Итак, задача эстетической критики не в том, чтобы извлекать мысль из художественного произведения, как то делали Чернышевский и Добролюбов. Тогда в чём же? Послушаем Анненкова: у критиков, «ищущих предпочтительно мысли, вся лучшая сторона произведения, именно её постройка, остаётся почти всегда без оценки и определения…» Критик-эстетик и пытается определить «постройку» тургеневских повестей: он обращает внимание на их «поэтический элемент», специфику пейзажа у Тургенева (свойственную ему концентрацию на «характерной черте»), критически подмечает неполноту портретирования героев при обилии «неразумных случайностей». В конечном итоге критик добивается цели, им перед собой поставленной: «открыть и уяснить себе … художнические привычки писателя, его сноровку и своеобычный образ исполнения тем», нарисовать читателю «литературную физиономию» писателя. Как бы теперь сказали, Анненков нацеливает критику на осмысление поэтики.

Следующая принципиальная для эстетической критики статья Анненкова, напечатанная им в 1856 г. в «Русском вестнике» после ухода из «Современника», – «О значении художественных произведений для общества» (при переиздании получила название «Старая и новая критика»). Автор, как он сам выражается, ставит здесь «вопрос о художественности» как «жизненный вопрос для отечественной литературы». В качестве образцового художника Анненков выдвигает Пушкина, и здесь он неизбежно должен был вступить в полемику с реальной (да и славянофильской) критикой. «Посредством Пушкина, – полемически заостряет он идею своей недавней книги о поэте, – русская публика ознакомилась с изяществом не одних только стихов, как начинают думать некоторые критики <очевидный намёк на Чернышевского>, а с изяществом образа мыслей». По Анненкову, само по себе сие изящество не только не устарело, но «необходимо каждому образованному обществу на земле и в каждую эпоху его жизни». Логика эстетического критика следующая: искусство, обращаясь к отдельному человеку, облагораживает его душу. Общество же состоит из этих отдельных человеков, меняются они, меняется и общество. Очевидно, так следует толковать слова критика: «Чисто художественное произведение действует на психическую сторону народа».

Так называемому гоголевскому направлению, выдвигаемому реальной критикой, Анненков противопоставляет «пушкинскую школу» и ожидает в будущем возрождения её как представительницы «художественного направления в поэзии». Высоко ставя Гоголя как художника, Анненков полагает, что трагедия его заключалась в том, что он не доверился «естественному ходу» своего художнического таланта и «внёс в дело наставнический элемент, на котором в искусстве ничего создать нельзя». Заметим к слову, что современное так называемое «религиозное литературоведение» совсем в ином, апологетическом духе решает вопрос о позднем Гоголе. Эстетический подход, на коем настаивал Анненков, в этом случае в который раз уступил место идеологическому.
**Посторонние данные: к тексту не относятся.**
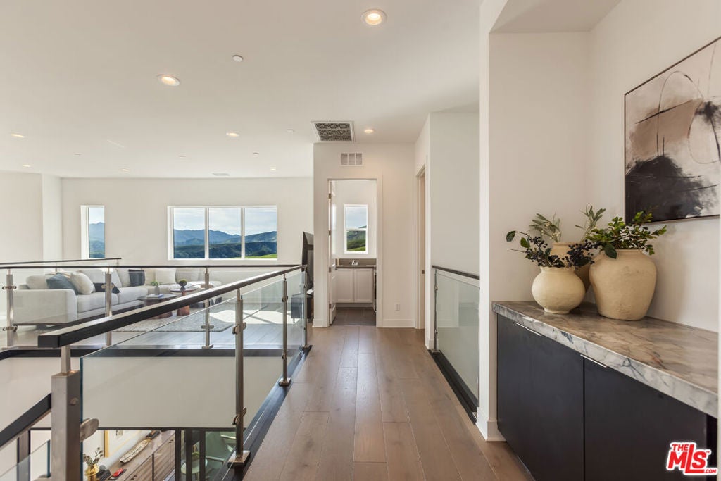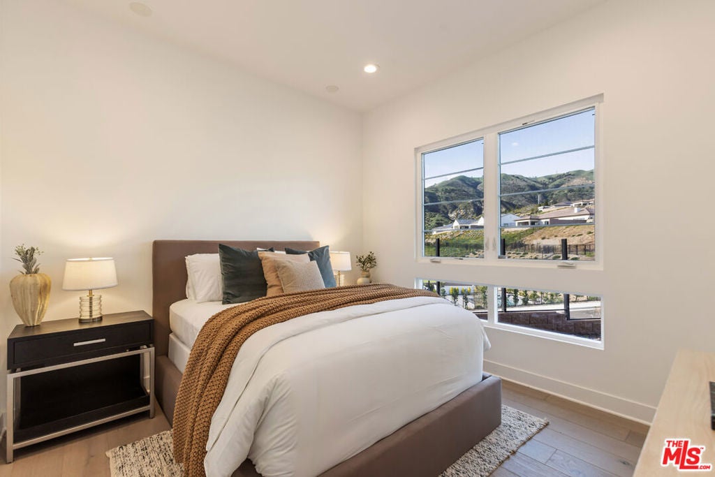 WALK INTO INSTANT EQUITY - recently appraised at $3.25M, this show stopping estate is now listed below value, presenting a rare chance to own one of Porter Ranch's finest homes. PANORAMIC UNOBSTRUCTED VIEWS, LARGEST LOT SIZE in the entire development, and PRIVACY, PRIVACY, PRIVACY 20668 W Hummingbird Ct checks every box. Nestled on a 0.75-acre lot, this fully customized 5-bedroom, 5.5-bathroom residence blends modern sophistication with California indoor-outdoor living.The heart of the home is built for entertaining: a double-wide Blue Ijen Quartzite waterfall island anchors the chef's kitchen, complete with top-tier appliancesWolf 6-burner range, SubZero fridge, premium dishwasher, trash compactor, high-speed hood and elegant Kohler fixtures with a lifetime warranty. Premium soft-close cabinetry, integrated smart systems, and panoramic sliding doors create seamless function and design.Every inch of the ENTIRE HOUSE IS UPGRADED: floating staircase, custom sound system inside and out, light automation, prewired bedrooms, high-end security with cameras, and premium finishes throughout. Main spaces feature sleek porcelain tile, while all bedrooms boast rich hardwood floors. Each ensuite bathroom is wrapped in stone or marble for a five-star feel.With a downstairs guest suite, a large home office with upgraded sliders, and a 110-ft private driveway this layout is flexible and future-proof. Whether you're sipping morning coffee from the private primary balcony or enjoying sunset dinners with doors wide open, this home was designed to embrace its stunning surroundings.Don't miss this rare opportunity to own an estate that truly redefines luxury, space, and privacy in Porter Ranch. Property available for lease at $10,995.

Впрочем, далеко не всегда сам Анненков в своей критике ограничивается проблемой художественности. Прочитав статью Чернышевского «Русский человек на rendez-vous» (см. далее главу о реальной критике), он пишет полемический ответ: «Литературный тип слабого человека. По поводу тургеневской “Аси”» (1858). Это была многословная и несколько путаная апология осмеянного Чернышевским типа героя (сумбурность, как мне кажется, выдавала личную уязвлённость автора статьи). Защитительную речь Анненкова можно свести к двум пунктам: 1) цельность и активность личности, призываемые Чернышевским, могут принадлежать и нравственно ущербной, эгоистической натуре (чуть позже таким героем предстанет Калинович, персонаж романа А. Ф. Писемского «Тысяча душ», в аналитической рецензии Анненкова «Деловой роман в нашей литературе», 1859); 2) слабый, т.е. рефлектирующий тип личности сыграл положительную роль в истории русского общества, да и будущее пока остаётся за ним, т.к., по уверению критика, «в свойствах нашего характера и складе нашей жизни нет ничего похожего на героический элемент», естественным образом ценимый в европейской литературе (Анненков подразумевал, в частности, знаменитую книгу Карлейля «Герои и героическое в истории»), но никак не в русской. Спор на эту тему продолжился в новых исторических условиях, в начале XX века – см. статью С. Н. Булгакова «Героизм и подвижничество» в сборнике «Вехи» (1909) и книгу С. А. Венгерова «Героический характер русской литературы» (1911). Имел он и более близкое по времени продолжение, когда слово взял сам автор «Аси». 10 января 1869 г. И. С. Тургенев произнёс на публичном чтении (новая тогда и чрезвычайно популярная впоследствии форма литературной критики, в чём-то напоминающая словопрения в литературных обществах начала века) речь «Гамлет и Дон Кихот». Два вечных типа мировой литературы он трактовал как два полюса, две разъединившихся половинки человеческого бытия – «мысль», «принцип анализа» (Гамлет) и «воля», «принцип энтузиазма» (Дон Кихот). Их разъединение составляет трагический дуализм человечества, поскольку оба эти начала равно необходимы. Тем не менее в речи Тургенева, человека реформаторской эпохи, ощутима бóльшая симпатия к Дон Кихоту, нежели к Гамлету. Ведь первый оставляет людям свои «добрые дела», а взор последнего «не обращается вперёд». Героический тип не заставил себя ждать, и в том же январе 1860 г. явился в русскую литературу Инсаров («Накануне»), а через два года Базаров («Отцы и дети»).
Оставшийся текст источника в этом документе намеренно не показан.